**Work request:** Quote the data below in full, minus the images.

**Data below:**
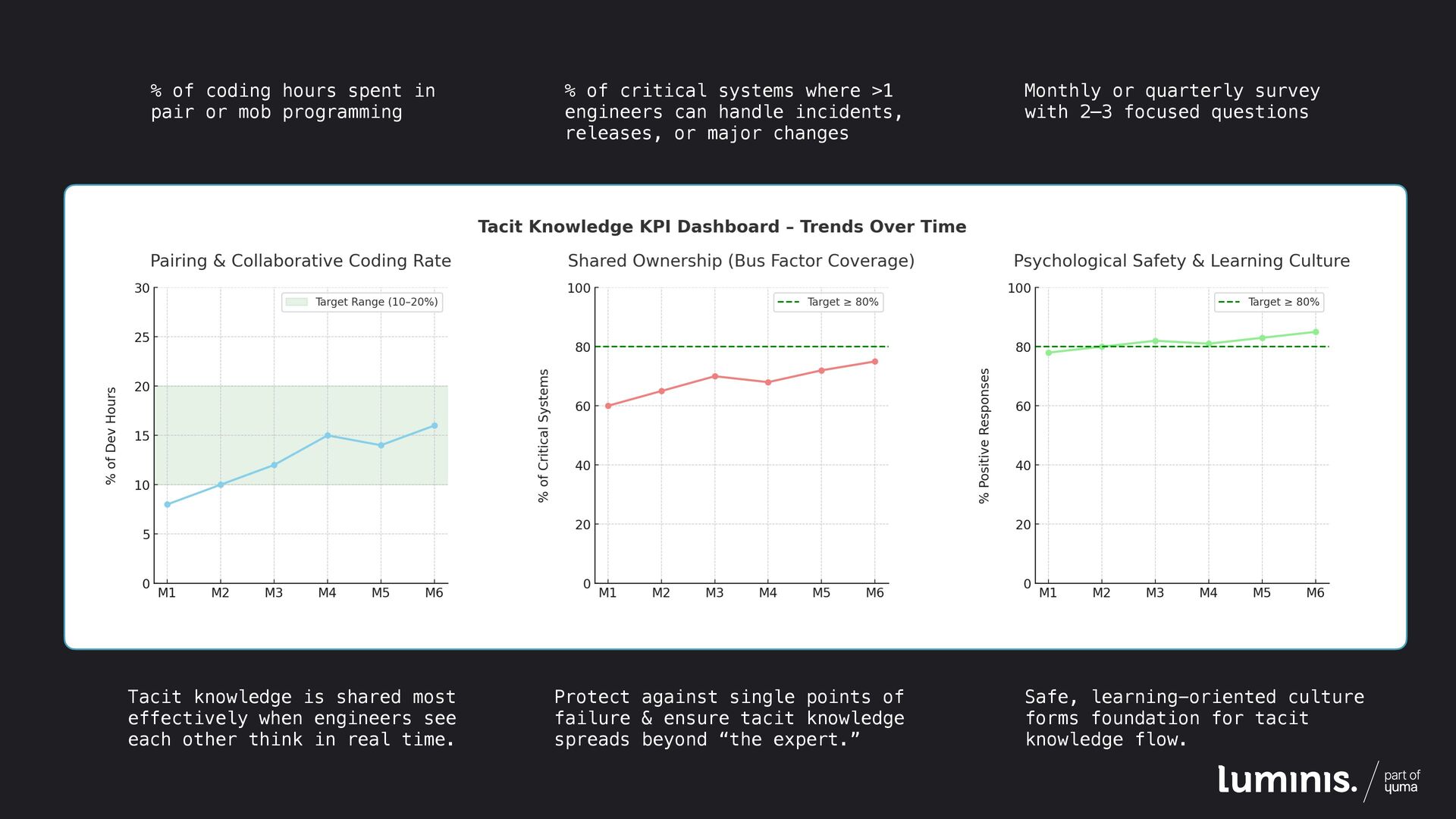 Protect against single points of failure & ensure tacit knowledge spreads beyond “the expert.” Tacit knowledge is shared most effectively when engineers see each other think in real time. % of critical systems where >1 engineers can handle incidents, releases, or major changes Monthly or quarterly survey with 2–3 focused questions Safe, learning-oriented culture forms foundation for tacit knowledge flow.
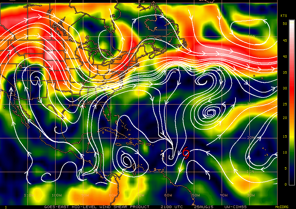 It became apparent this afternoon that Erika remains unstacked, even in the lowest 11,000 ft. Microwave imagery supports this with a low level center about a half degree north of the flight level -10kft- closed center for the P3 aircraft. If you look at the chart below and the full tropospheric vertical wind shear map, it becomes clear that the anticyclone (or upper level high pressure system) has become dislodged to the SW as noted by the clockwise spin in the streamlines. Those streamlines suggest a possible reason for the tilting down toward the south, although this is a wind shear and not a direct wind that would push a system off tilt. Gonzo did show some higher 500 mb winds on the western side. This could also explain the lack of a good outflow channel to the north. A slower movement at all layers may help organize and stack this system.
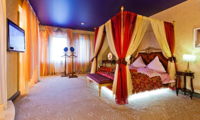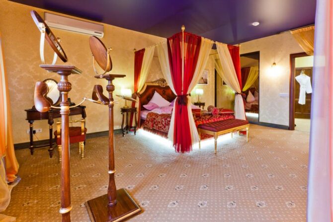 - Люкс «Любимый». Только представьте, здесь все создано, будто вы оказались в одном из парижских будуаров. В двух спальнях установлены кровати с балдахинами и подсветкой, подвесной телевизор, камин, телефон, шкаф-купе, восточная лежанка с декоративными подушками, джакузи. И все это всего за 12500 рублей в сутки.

**Solution to this problem:**
 Protect against single points of failure & ensure tacit knowledge spreads beyond “the expert.” Tacit knowledge is shared most effectively when engineers see each other think in real time. % of critical systems where >1 engineers can handle incidents, releases, or major changes Monthly or quarterly survey with 2–3 focused questions Safe, learning-oriented culture forms foundation for tacit knowledge flow.
 It became apparent this afternoon that Erika remains unstacked, even in the lowest 11,000 ft. Microwave imagery supports this with a low level center about a half degree north of the flight level -10kft- closed center for the P3 aircraft. If you look at the chart below and the full tropospheric vertical wind shear map, it becomes clear that the anticyclone (or upper level high pressure system) has become dislodged to the SW as noted by the clockwise spin in the streamlines. Those streamlines suggest a possible reason for the tilting down toward the south, although this is a wind shear and not a direct wind that would push a system off tilt. Gonzo did show some higher 500 mb winds on the western side. This could also explain the lack of a good outflow channel to the north. A slower movement at all layers may help organize and stack this system.
 - Люкс «Любимый». Только представьте, здесь все создано, будто вы оказались в одном из парижских будуаров. В двух спальнях установлены кровати с балдахинами и подсветкой, подвесной телевизор, камин, телефон, шкаф-купе, восточная лежанка с декоративными подушками, джакузи. И все это всего за 12500 рублей в сутки.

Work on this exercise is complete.